• **Data excerpt**
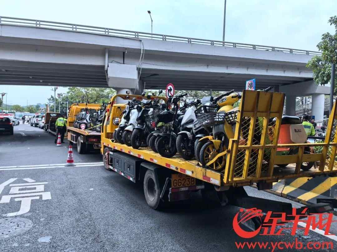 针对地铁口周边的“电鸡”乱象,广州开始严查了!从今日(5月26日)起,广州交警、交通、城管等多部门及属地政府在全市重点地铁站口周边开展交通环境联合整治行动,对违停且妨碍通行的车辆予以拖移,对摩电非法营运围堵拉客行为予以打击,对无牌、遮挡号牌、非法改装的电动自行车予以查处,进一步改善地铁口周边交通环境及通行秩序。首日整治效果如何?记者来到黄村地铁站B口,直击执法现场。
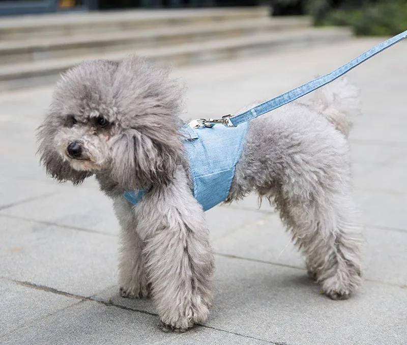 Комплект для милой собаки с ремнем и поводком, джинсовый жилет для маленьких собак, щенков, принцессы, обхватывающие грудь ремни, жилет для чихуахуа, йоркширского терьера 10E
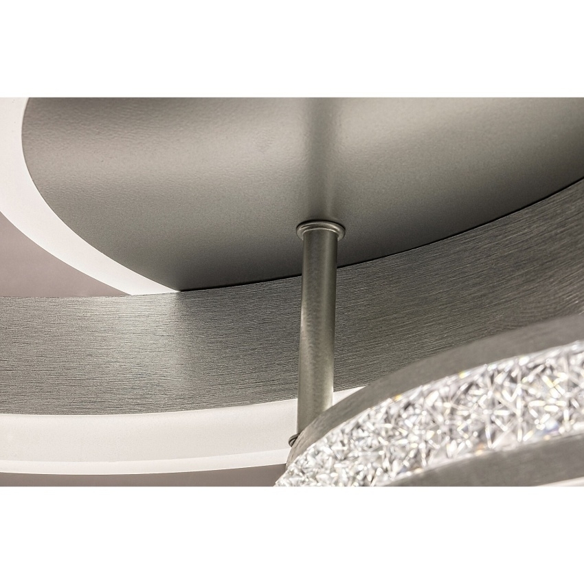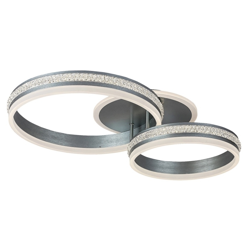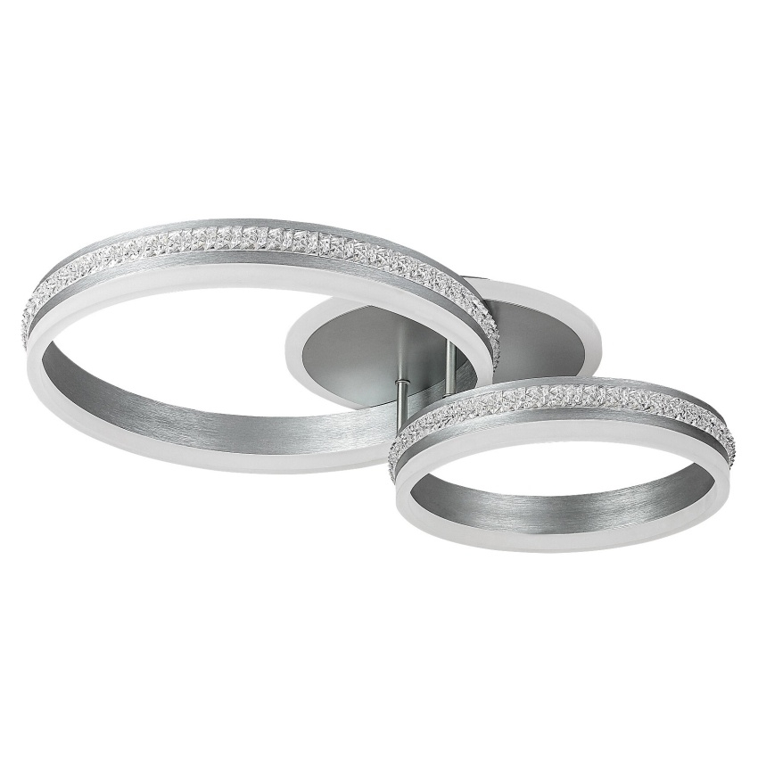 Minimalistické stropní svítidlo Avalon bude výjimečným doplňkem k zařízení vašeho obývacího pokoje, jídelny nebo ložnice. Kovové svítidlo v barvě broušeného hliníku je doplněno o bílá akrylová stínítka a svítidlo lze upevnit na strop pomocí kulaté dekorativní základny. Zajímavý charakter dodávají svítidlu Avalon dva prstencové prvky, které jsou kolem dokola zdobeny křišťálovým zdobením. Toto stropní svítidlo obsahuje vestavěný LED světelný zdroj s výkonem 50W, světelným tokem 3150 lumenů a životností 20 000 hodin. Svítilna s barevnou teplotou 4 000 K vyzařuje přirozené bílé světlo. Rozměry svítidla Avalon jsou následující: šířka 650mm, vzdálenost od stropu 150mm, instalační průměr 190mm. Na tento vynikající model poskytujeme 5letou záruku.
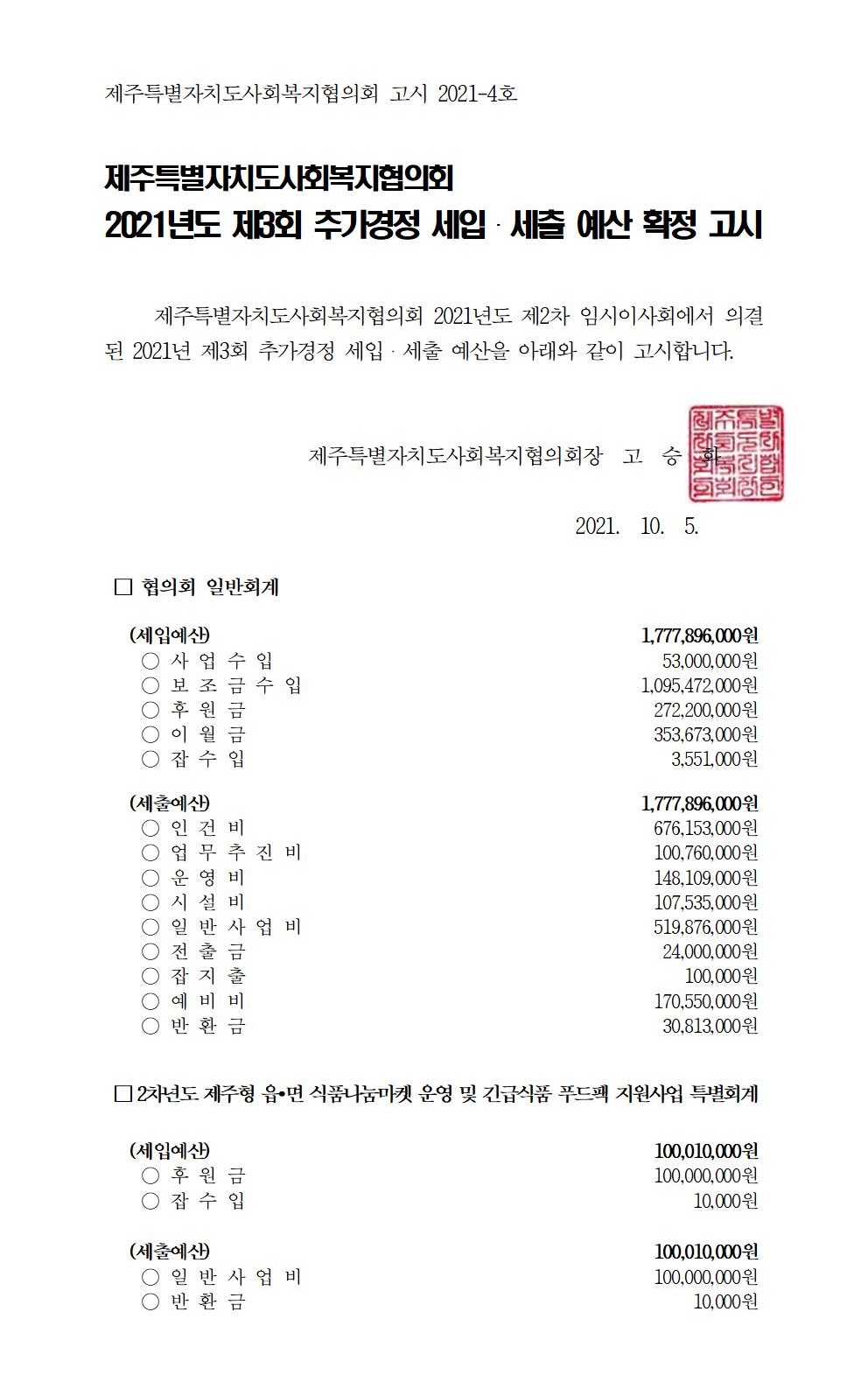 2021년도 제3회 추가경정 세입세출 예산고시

• **About this exercise**
Could all the data above be given again exactly, leaving out its images?

• **Answer to this problem**
 针对地铁口周边的“电鸡”乱象,广州开始严查了!从今日(5月26日)起,广州交警、交通、城管等多部门及属地政府在全市重点地铁站口周边开展交通环境联合整治行动,对违停且妨碍通行的车辆予以拖移,对摩电非法营运围堵拉客行为予以打击,对无牌、遮挡号牌、非法改装的电动自行车予以查处,进一步改善地铁口周边交通环境及通行秩序。首日整治效果如何?记者来到黄村地铁站B口,直击执法现场。
 Комплект для милой собаки с ремнем и поводком, джинсовый жилет для маленьких собак, щенков, принцессы, обхватывающие грудь ремни, жилет для чихуахуа, йоркширского терьера 10E
 Minimalistické stropní svítidlo Avalon bude výjimečným doplňkem k zařízení vašeho obývacího pokoje, jídelny nebo ložnice. Kovové svítidlo v barvě broušeného hliníku je doplněno o bílá akrylová stínítka a svítidlo lze upevnit na strop pomocí kulaté dekorativní základny. Zajímavý charakter dodávají svítidlu Avalon dva prstencové prvky, které jsou kolem dokola zdobeny křišťálovým zdobením. Toto stropní svítidlo obsahuje vestavěný LED světelný zdroj s výkonem 50W, světelným tokem 3150 lumenů a životností 20 000 hodin. Svítilna s barevnou teplotou 4 000 K vyzařuje přirozené bílé světlo. Rozměry svítidla Avalon jsou následující: šířka 650mm, vzdálenost od stropu 150mm, instalační průměr 190mm. Na tento vynikající model poskytujeme 5letou záruku.
 2021년도 제3회 추가경정 세입세출 예산고시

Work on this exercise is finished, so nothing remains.